In a gold-panning area, the mayor of a village close to the border with Benin recalls that the jihadists “made a deal with the gold-panners, who were in conflict with the gendarmes and the Forestry and Water Commission officials who had come to expel or extort them. Now, they control the gold-panning sites and levy taxes on production, and the authorities don’t dare to come close any more.” Control of gold-panning sites appears to have become an especially lucrative activity for these fighters, and this burgeoning production is easily sold on through the coastal countries (Benin, but especially Togo). The revenue of gold-panning taxes enable buying up weapons in the neighboring countries to the South, by exploiting preexisting smuggling networks.

Joining an armed group is therefore perceived as a factor of upward mobility for undervalued youth. The prestige tied to bearing arms, the symbolic means of retribution that those bearing arms gain access to, and the ability to find a meaningful ideological framework: all become accessible resources to them in this context.

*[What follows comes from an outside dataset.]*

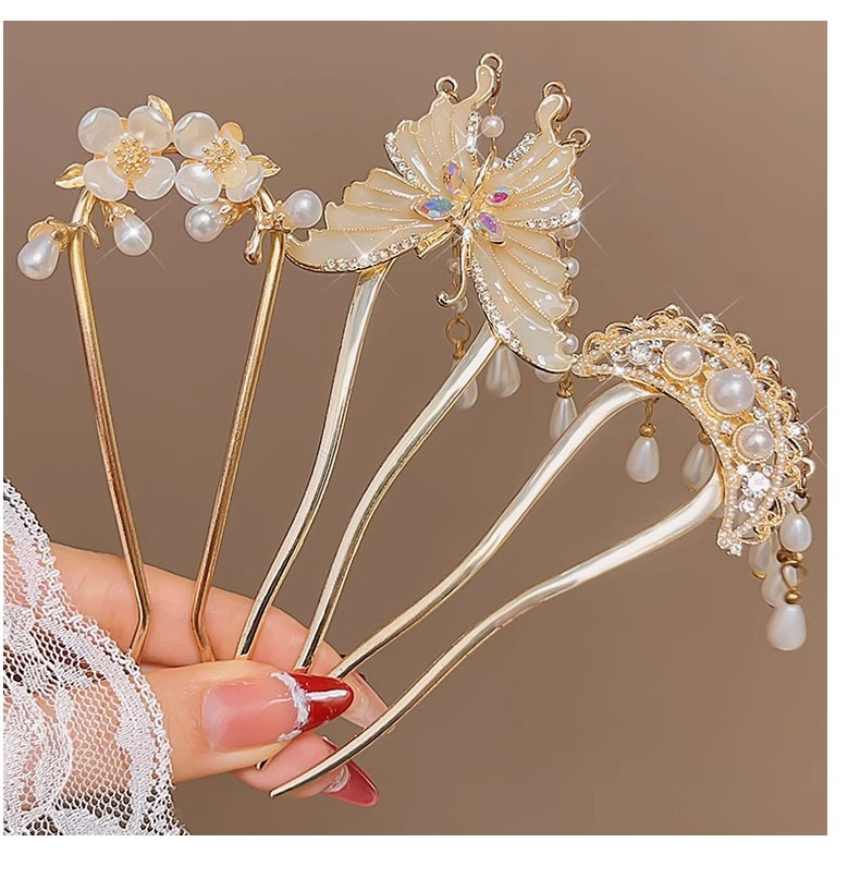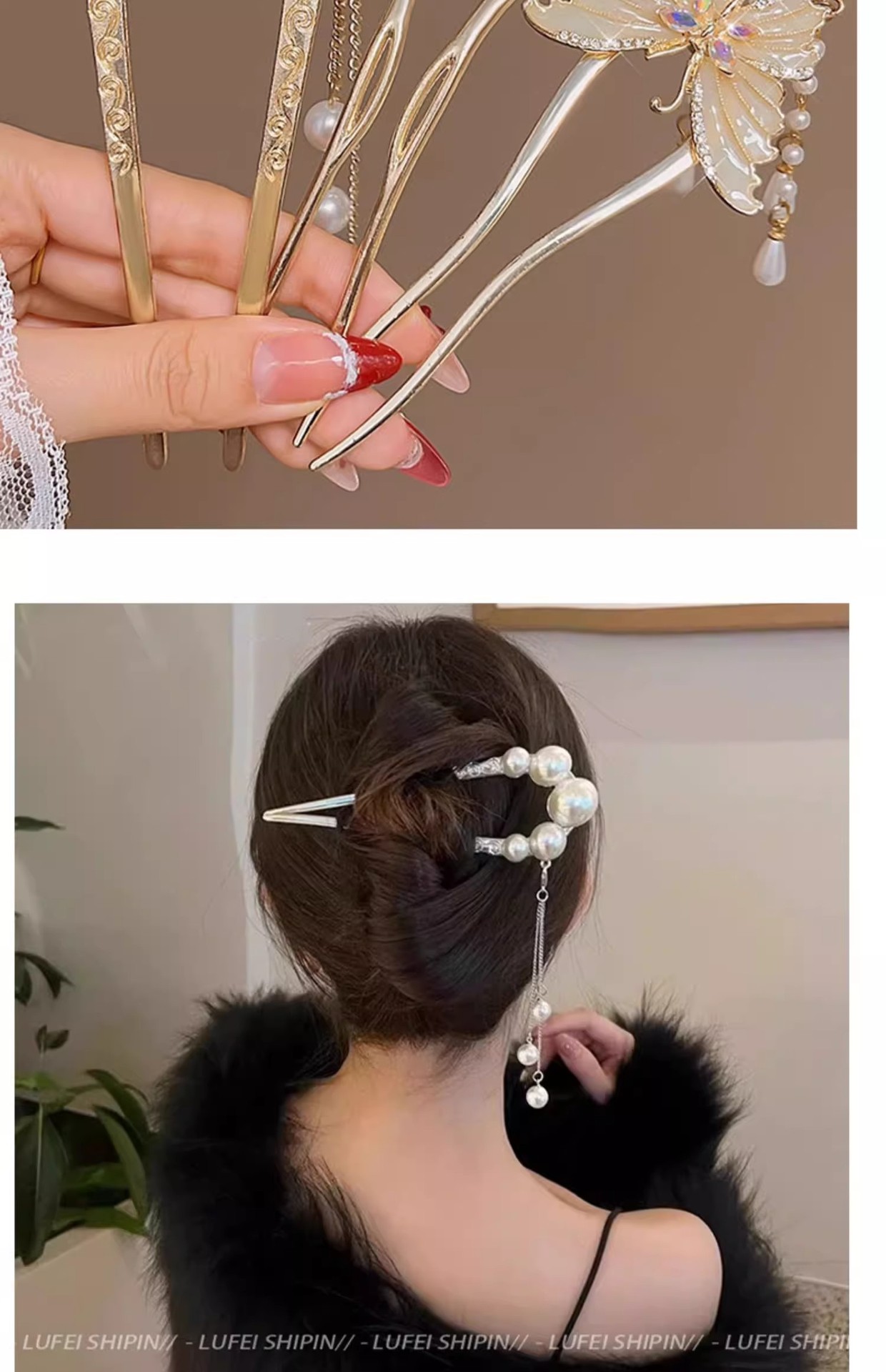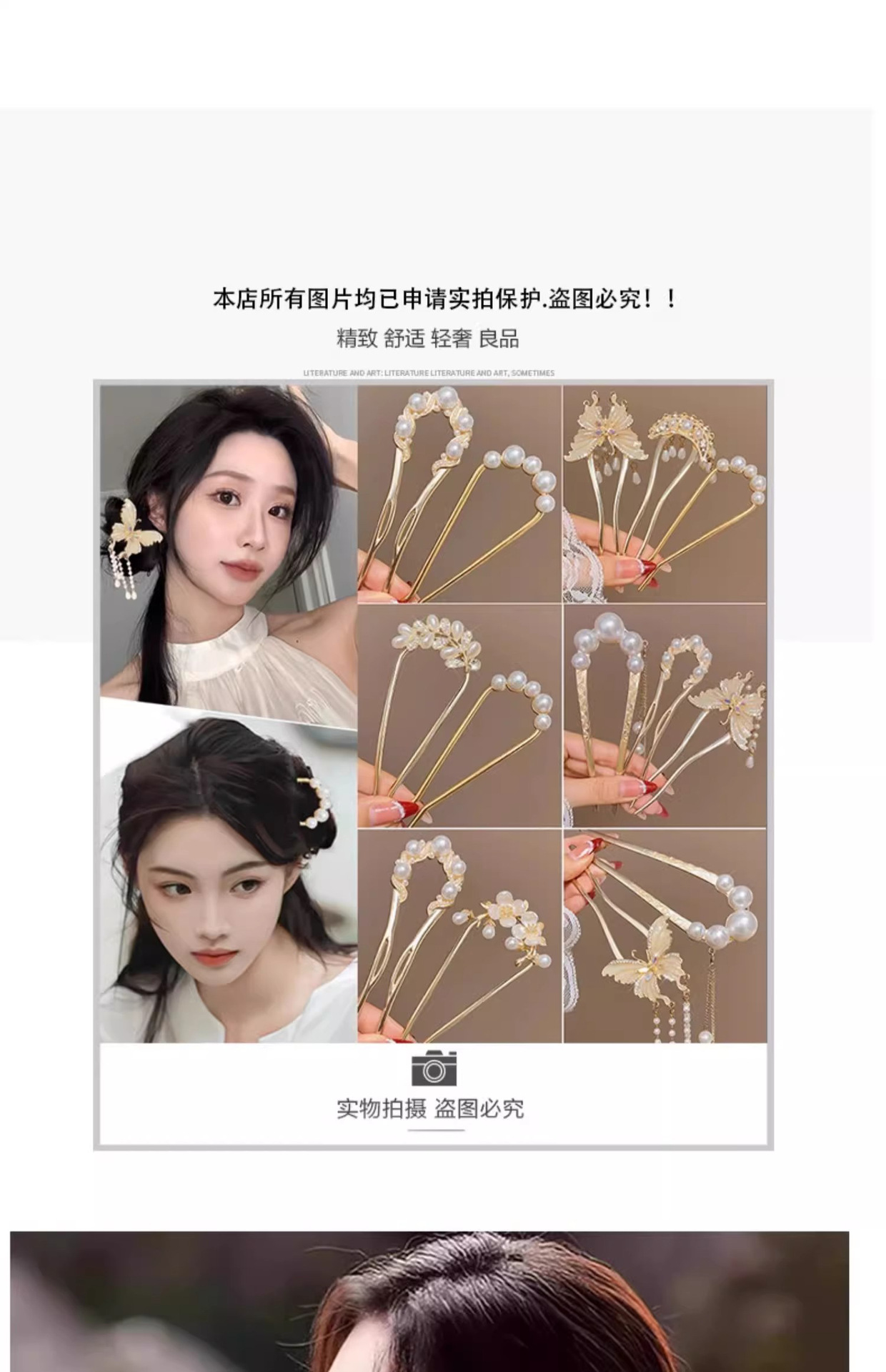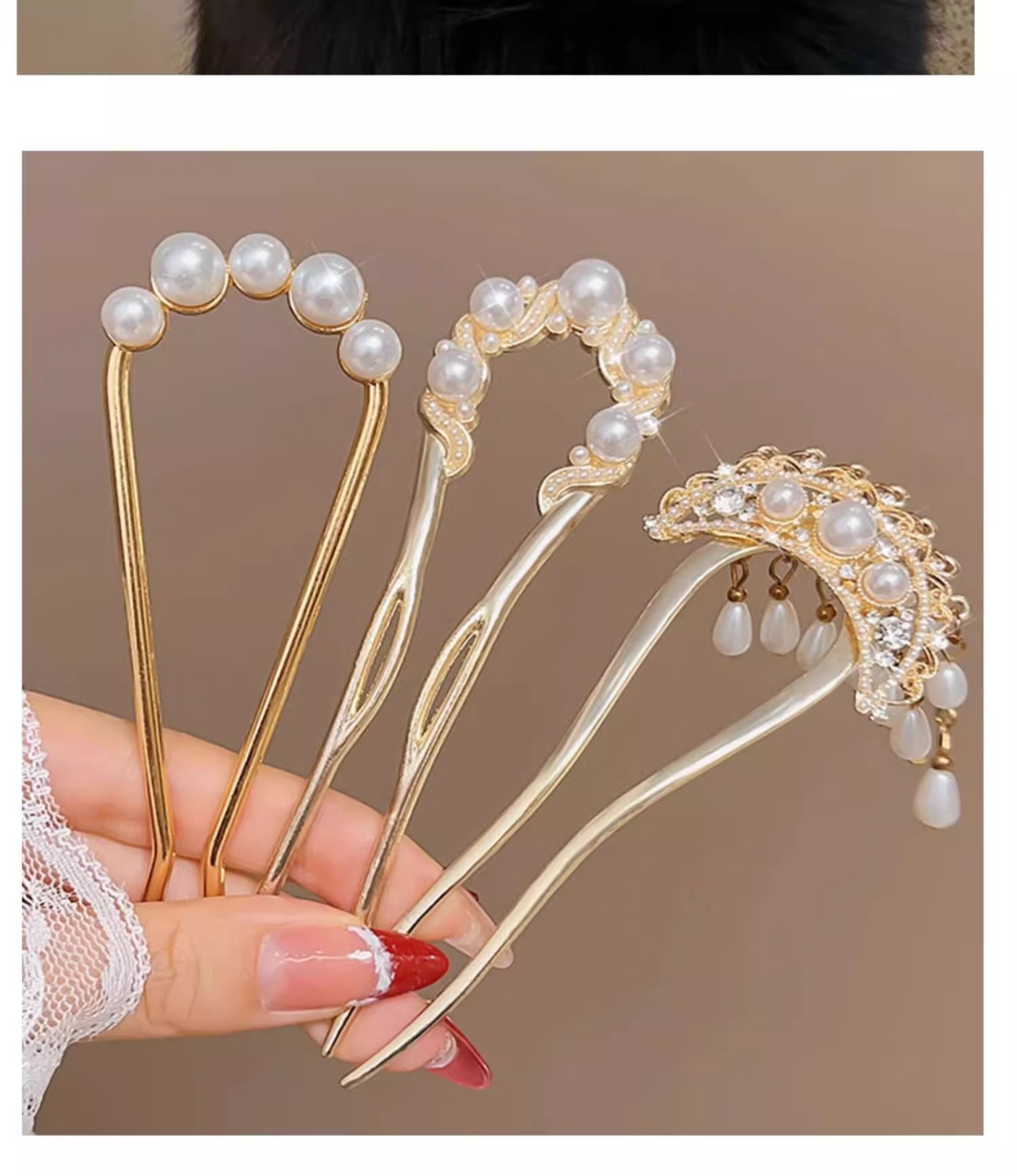 Nuevo estilo antiguo chino en forma de U pinzas de cabello de mujer cabeza de bola de cabeza cabeza artefacto de cabello de borde paso de cabello de cabello de tocado

As a local elected official concedes, “I see the idle youth in my village watching propaganda videos on their phones. They want something more out of life.” Since the armed groups pay their fighters, upward mobility is combined with enhanced material conditions.

Conclusion

The initial responses to local violence by the Burkinabé state failed to curb its spread and the activity of jihadist groups. Nor do they appear to have restored confidence among local populations, that fear the army’s abuses no less than they do those perpetrated by the jihadists. The competition in the exercise of violence demonstrates that a military response alone will be unable to bring about an even relative appeasement of local tensions. Nor can it check the dynamics whereby jihadi groups have become settled in the region, grafting themselves onto a critical socio-economic situation and a local history of violence. Faced with this developing insurrectional context, and within an alarming regional security dynamic, the Burkinabé state appears to have chosen a military-first solution in the East—if not a military-only one. While military “combing” operations have enabled “neutralizing” some fighters, they cannot provide a long-term solution.

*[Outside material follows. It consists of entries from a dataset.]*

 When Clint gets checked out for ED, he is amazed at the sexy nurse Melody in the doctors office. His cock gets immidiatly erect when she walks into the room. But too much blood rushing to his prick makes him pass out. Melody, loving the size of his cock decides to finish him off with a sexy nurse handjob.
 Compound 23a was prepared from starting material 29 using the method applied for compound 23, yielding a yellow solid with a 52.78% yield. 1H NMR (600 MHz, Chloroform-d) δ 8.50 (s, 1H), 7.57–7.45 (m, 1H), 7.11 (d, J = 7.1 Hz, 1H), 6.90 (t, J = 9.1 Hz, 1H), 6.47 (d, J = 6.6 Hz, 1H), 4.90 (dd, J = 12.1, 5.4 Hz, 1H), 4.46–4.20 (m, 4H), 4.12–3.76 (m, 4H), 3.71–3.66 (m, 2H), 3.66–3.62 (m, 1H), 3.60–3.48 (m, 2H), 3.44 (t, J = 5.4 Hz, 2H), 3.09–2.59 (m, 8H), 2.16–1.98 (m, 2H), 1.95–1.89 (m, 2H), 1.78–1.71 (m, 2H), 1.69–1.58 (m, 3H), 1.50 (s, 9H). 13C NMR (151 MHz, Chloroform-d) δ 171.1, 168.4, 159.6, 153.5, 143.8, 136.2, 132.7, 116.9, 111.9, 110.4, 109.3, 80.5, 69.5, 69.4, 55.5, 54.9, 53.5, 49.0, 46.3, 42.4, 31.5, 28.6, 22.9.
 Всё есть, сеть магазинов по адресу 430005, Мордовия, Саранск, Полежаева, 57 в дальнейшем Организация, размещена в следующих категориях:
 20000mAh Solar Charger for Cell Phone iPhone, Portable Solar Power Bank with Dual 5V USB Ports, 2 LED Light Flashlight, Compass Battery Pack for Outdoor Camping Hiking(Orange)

The emergence of a religious political register linked to jihad therefore needs to be contextualized within the local dynamics that govern it. Armed groups have proved able to insert themselves within the economic and social fabric of the region, taking advantage of favorable circumstances and geography. The roots of armed opposition to the state, and of the attraction of these groups, are above all to be found in the abandonment, dispossession and marginalization felt by the local population. Locals are confronted with an economic struggle for natural resources in which they feel disadvantaged by foreign forces, embodied by the large mining companies, the private natural parks, state officials, and internal immigration.

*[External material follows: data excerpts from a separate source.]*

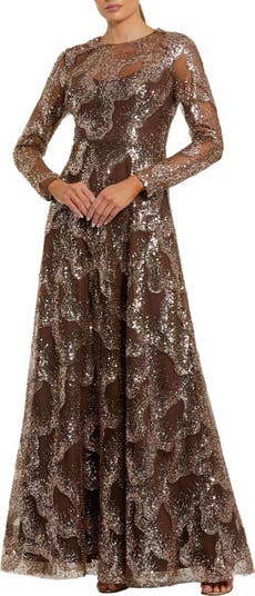 Sequin long-sleeve gown with sheer illusion detail, fitted bodice, and flowing A-line skirt—perfect for black-tie events or formal evenings
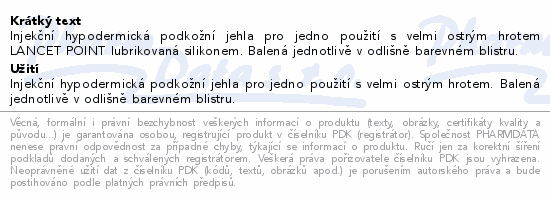 Injekční hypodermická podkožní jehla pro jedno použití s velmi ostrým hrotem LANCET POINT lubrikovaná silikonem. Balená jednotlivě v odlišně barevném blistru.
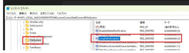 ②-3「FileSystem」内の「LongPathsEnabled」をダブルクリックしてください。
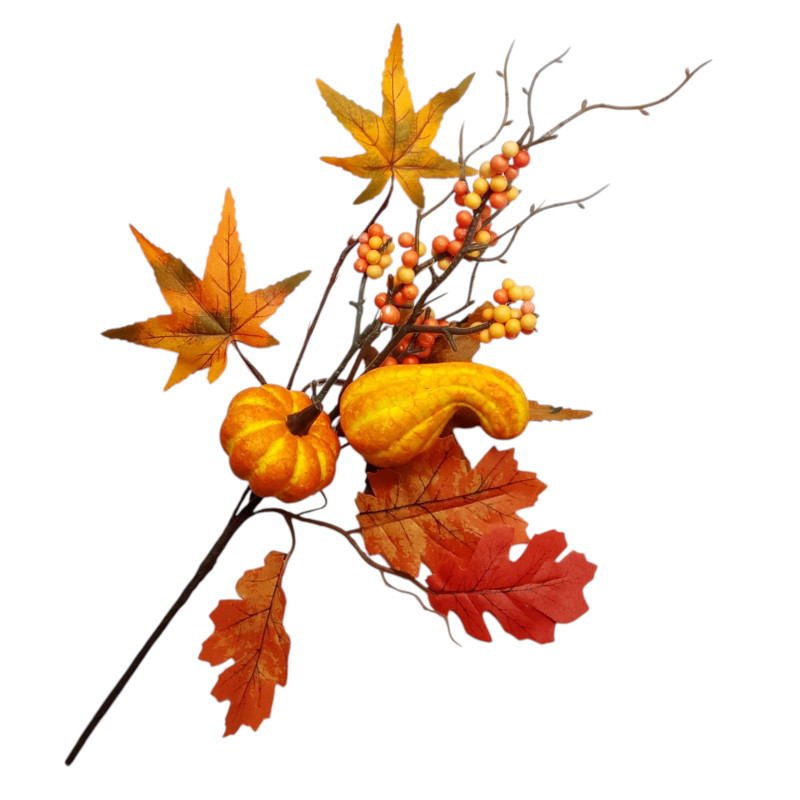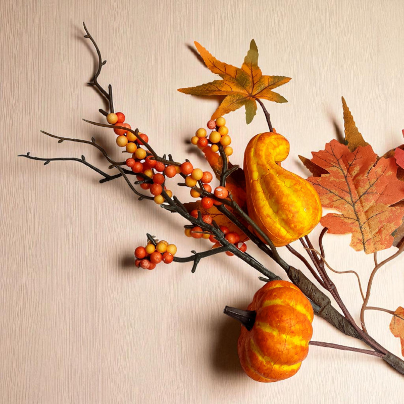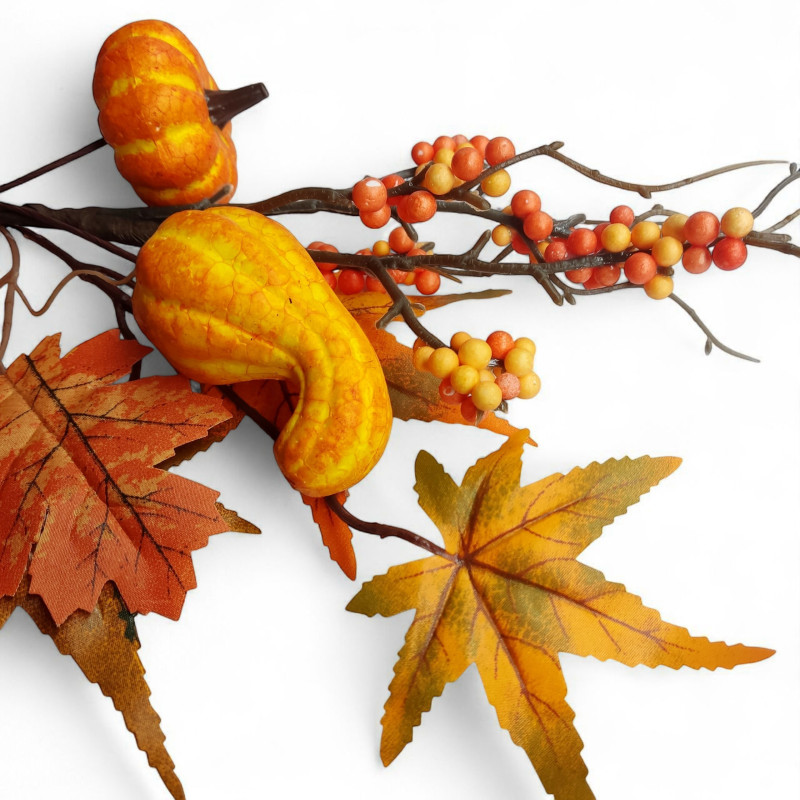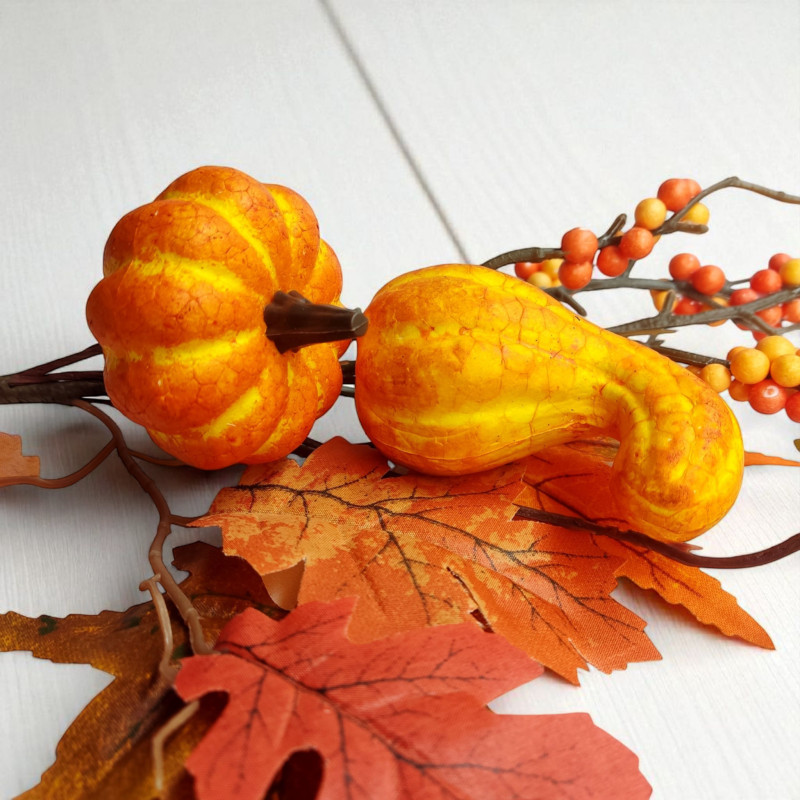Nowoczesna dekoracja do salonu, biura, wazonu lub kompozycji florystycznej. Dodaj wyjątkowy akcent do swojego wnętrza dzięki tej efektownej ozdobie z welurowymi dyniami, listkami oraz jagódkami! Realistyczne wykonanie i modna kolorystyka sprawia, że ta sztuczna roślina idealnie wpisuje się w styl boho, glamour, loftowy i skandynawski.

Finally, the situation in Eastern Burkina Faso is symptomatic of Sahel-wide dynamics of state recomposition, where state institutions increasingly appear confined to urban and suburban zones. Faced with rising violence, state administration, local elected bodies, security forces and state services withdraw to capitals and medium-sized cities (in this case, Ouagadougou and Fada N’Gourma). Once past the security positions at the edge of these areas, rural areas have become inaccessible or governed through violence, whether this is exercised by groups the state can use as proxies—or by other groups fighting the state itself.